Stored data ::
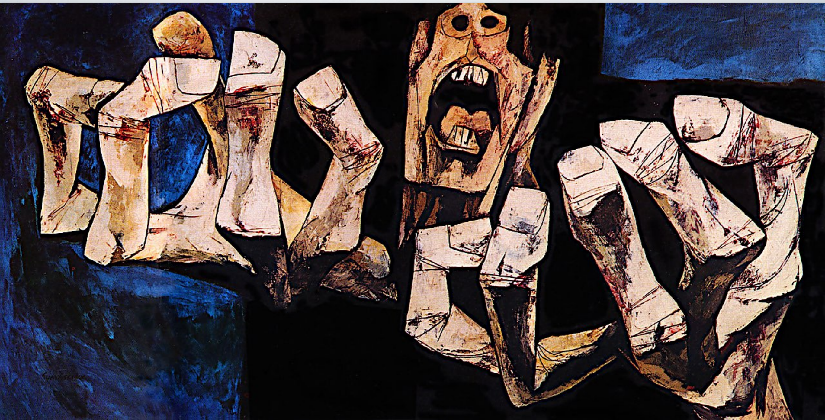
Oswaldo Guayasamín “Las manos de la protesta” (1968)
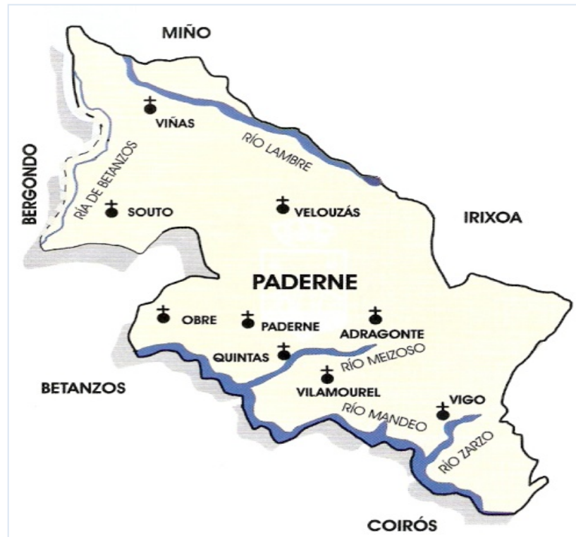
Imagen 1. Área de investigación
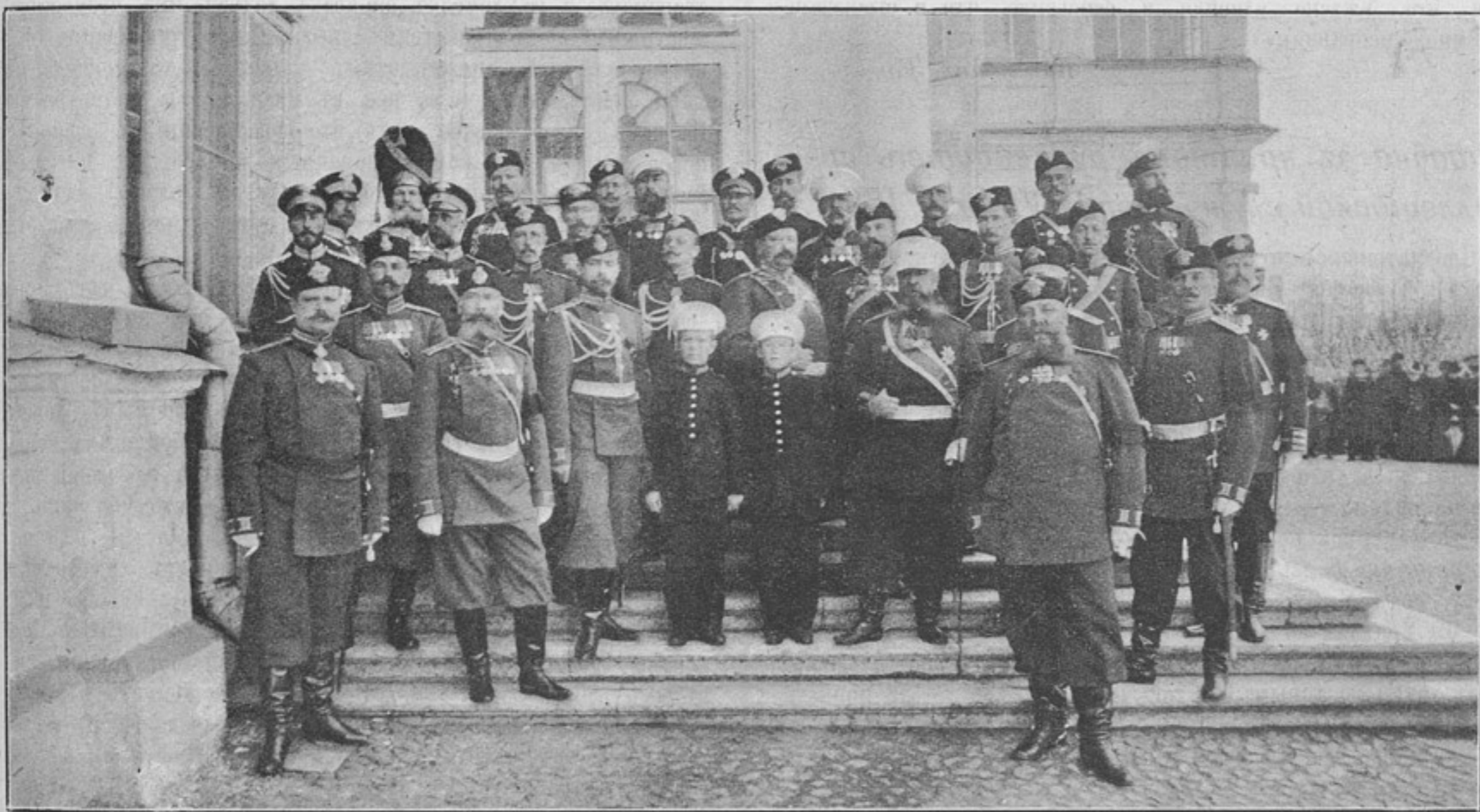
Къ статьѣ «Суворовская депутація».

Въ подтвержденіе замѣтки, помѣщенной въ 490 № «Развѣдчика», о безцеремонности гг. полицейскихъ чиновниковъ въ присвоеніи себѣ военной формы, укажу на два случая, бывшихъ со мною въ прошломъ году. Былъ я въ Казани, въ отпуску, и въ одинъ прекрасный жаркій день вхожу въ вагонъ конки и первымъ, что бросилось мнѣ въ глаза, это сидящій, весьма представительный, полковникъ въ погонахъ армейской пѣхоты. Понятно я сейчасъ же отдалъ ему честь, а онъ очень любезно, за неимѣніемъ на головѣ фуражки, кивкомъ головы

Exercise :: Output the material word for word, omitting its pictures.

Exercise output ::
Oswaldo Guayasamín “Las manos de la protesta” (1968)
Imagen 1. Área de investigación
Къ статьѣ «Суворовская депутація».

Въ подтвержденіе замѣтки, помѣщенной въ 490 № «Развѣдчика», о безцеремонности гг. полицейскихъ чиновниковъ въ присвоеніи себѣ военной формы, укажу на два случая, бывшихъ со мною въ прошломъ году. Былъ я въ Казани, въ отпуску, и въ одинъ прекрасный жаркій день вхожу въ вагонъ конки и первымъ, что бросилось мнѣ въ глаза, это сидящій, весьма представительный, полковникъ въ погонахъ армейской пѣхоты. Понятно я сейчасъ же отдалъ ему честь, а онъ очень любезно, за неимѣніемъ на головѣ фуражки, кивкомъ головы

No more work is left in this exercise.